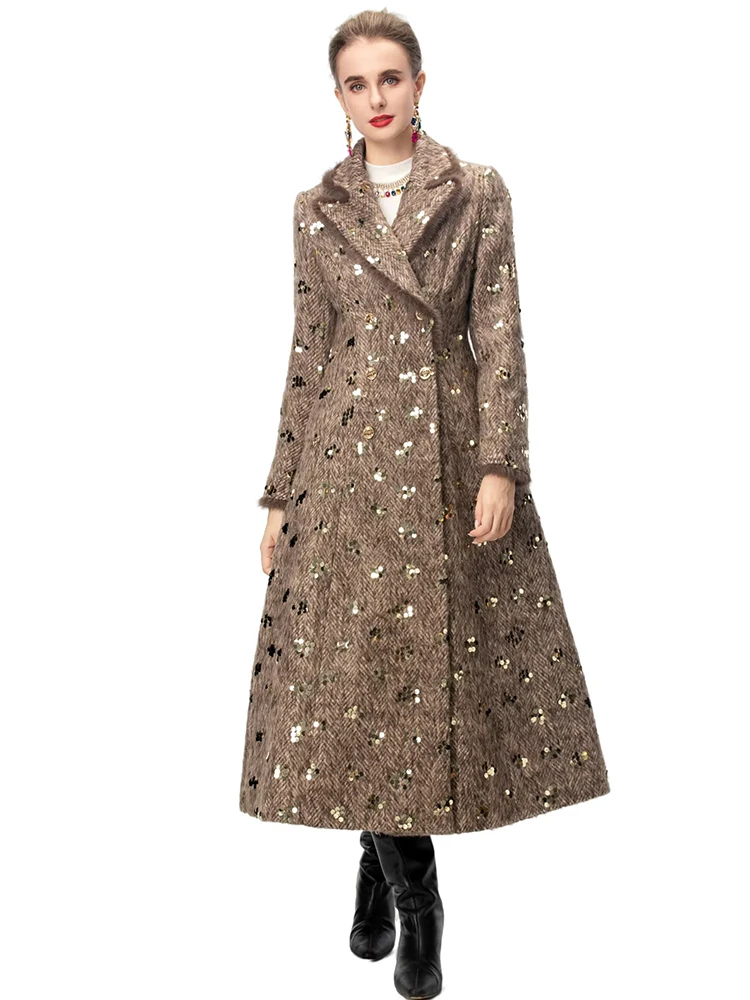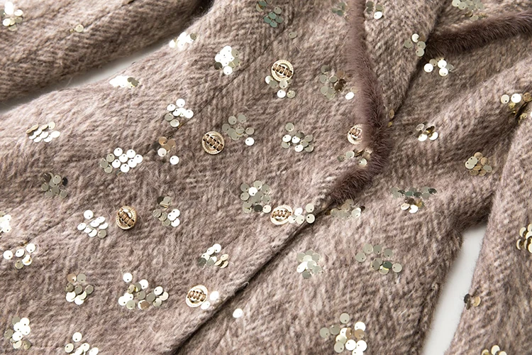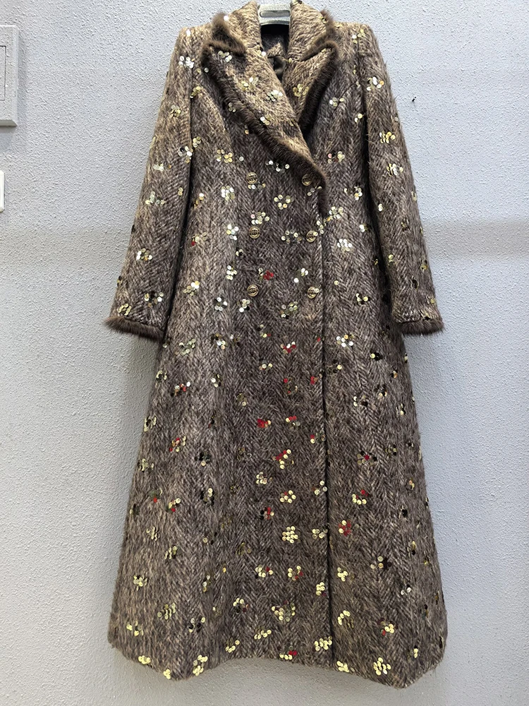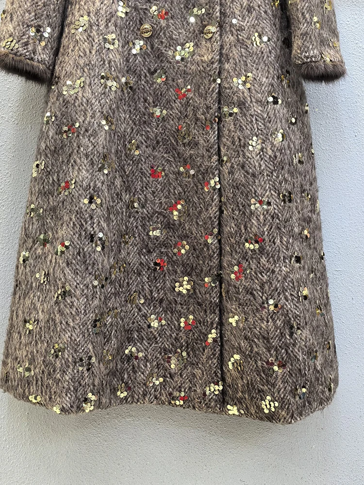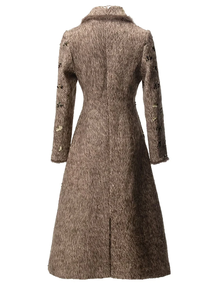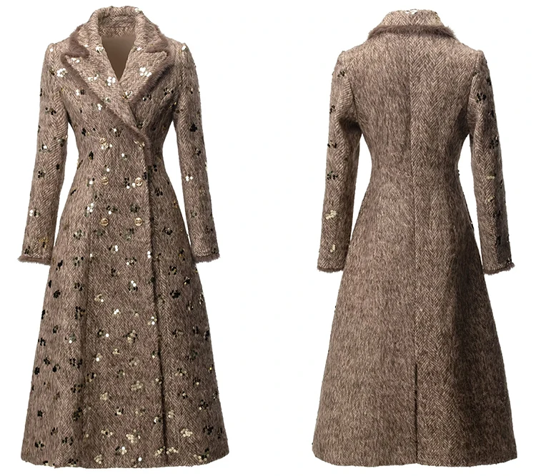 Este sofisticado abrigo cruzado combina a la perfección lujo y estilo contemporáneo. Confeccionado en una mezcla premium de lana y poliéster, ofrece una calidez y durabilidad excepcionales, manteniendo una elegante caída. Los llamativos detalles de lentejuelas capturan la luz con belleza, aportando un toque glamuroso a cualquier ocasión. Las lujosas solapas y puños con ribete de piel realzan el diseño con una textura refinada y movimiento. El clásico cuello vuelto enmarca el rostro con un encanto atemporal. Perfecto para eventos nocturnos o para lucirlo de día, este abrigo es una inversión que trasciende las tendencias de temporada.
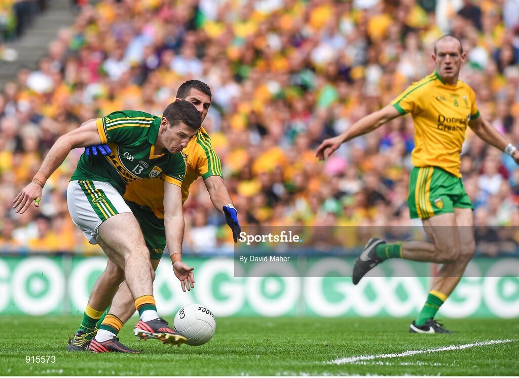 21 September 2014; Kerry's Paul Geaney shoots to score his side's first goal. GAA Football All Ireland Senior Championship Final, Kerry v Donegal. Croke Park, Dublin. Picture credit: David Maher / SPORTSFILE
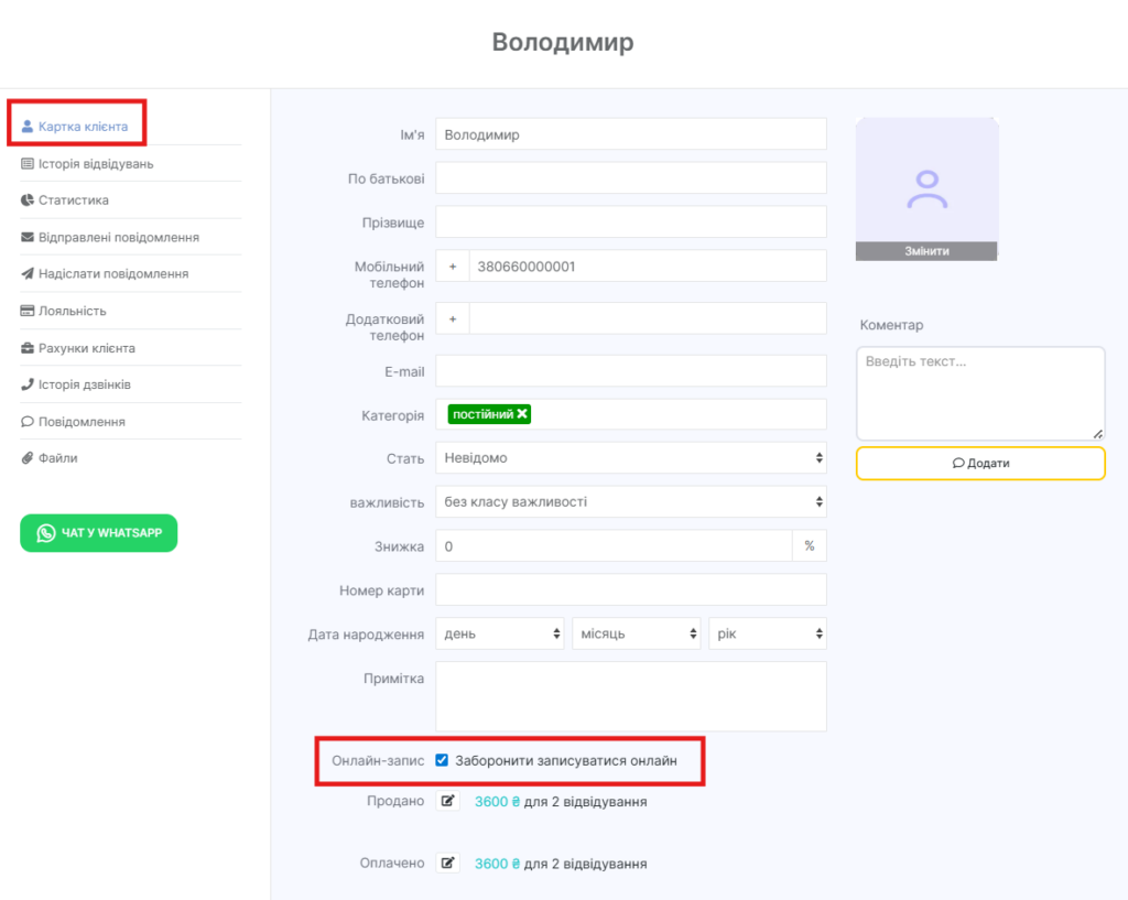 Якщо адміністратор записує клієнта вручну, можна призначити клієнту певну категорію, щоб співробітники бачили, що клієнт перебуває в чорному списку. Для цього використовується картка клієнта. Докладніше про налаштування читайте в статті.

- YOUR OBJECTIVE: Transcribe exactly, and without any pictures, each line from the one that holds "21 September 2014;" through the final line of the material above.

- THE ANSWER:
 21 September 2014; Kerry's Paul Geaney shoots to score his side's first goal. GAA Football All Ireland Senior Championship Final, Kerry v Donegal. Croke Park, Dublin. Picture credit: David Maher / SPORTSFILE
 Якщо адміністратор записує клієнта вручну, можна призначити клієнту певну категорію, щоб співробітники бачили, що клієнт перебуває в чорному списку. Для цього використовується картка клієнта. Докладніше про налаштування читайте в статті.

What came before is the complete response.